START Data provided

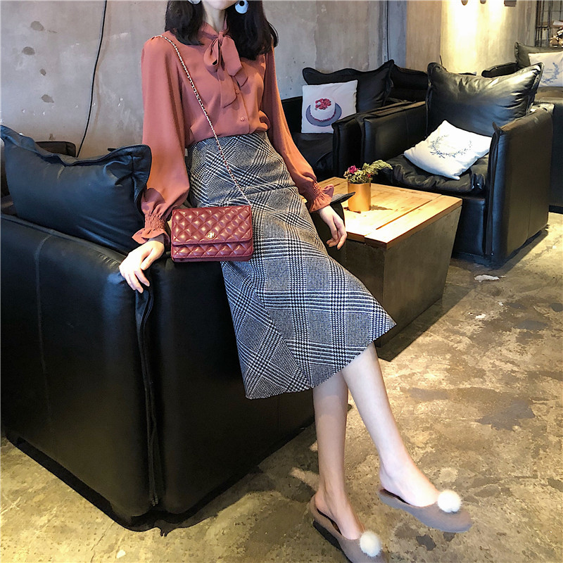 時尚顯瘦一步裙高腰格子半身裙女2018新款復古韓國中長款包臀裙子
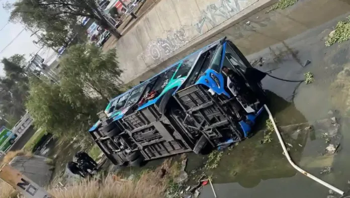 El accidente, se registró cuando la unidad de transporte público, cayó dentro de un canal de aguas pluviales en Avenida Revolución, hasta el momento se desconoce cuál fue la causa del trágico hecho.
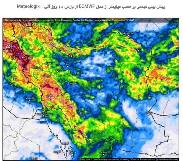 مطابق پیش‌بینی سامانه‌های جهانی هواشناسی کلیه نقاط جغرافیای ایران در ۱۰ روز آینده پذیرای باران هستند.
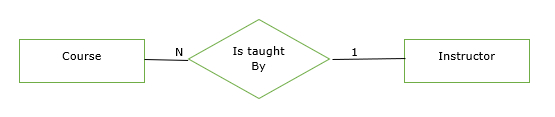 One course is taught by only one instructor but one instructor teaches many courses hence the relationship between course and instructor is many to one.
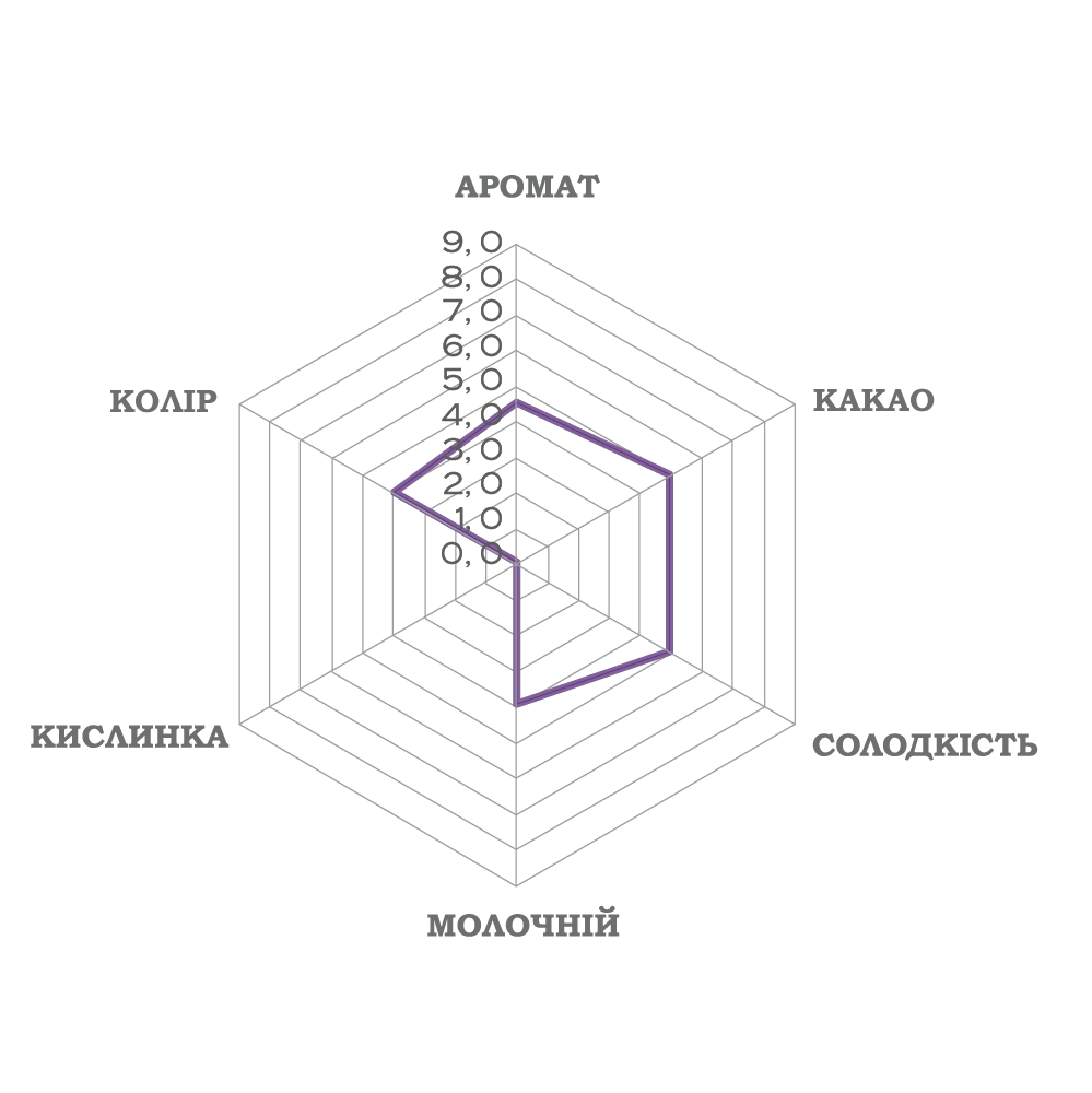 Опис: Молочний шоколад, виготовлений з какао-бобів Fino de Aroma. Молочний шоколад з характером, відомий своїм сильним смаком какао та екзотичною солодкістю, що асоціюється з тростинним цукром і солодом, які дуже добре поєднуються з молочними тонами, характерними для цього шоколаду.

END Data provided

Activity: Each line above from the one containing "El accidente, se" through the one containing "One course is" is to be returned verbatim. Nothing else, and no pictures.

Problem solution:
 El accidente, se registró cuando la unidad de transporte público, cayó dentro de un canal de aguas pluviales en Avenida Revolución, hasta el momento se desconoce cuál fue la causa del trágico hecho.
 مطابق پیش‌بینی سامانه‌های جهانی هواشناسی کلیه نقاط جغرافیای ایران در ۱۰ روز آینده پذیرای باران هستند.
 One course is taught by only one instructor but one instructor teaches many courses hence the relationship between course and instructor is many to one.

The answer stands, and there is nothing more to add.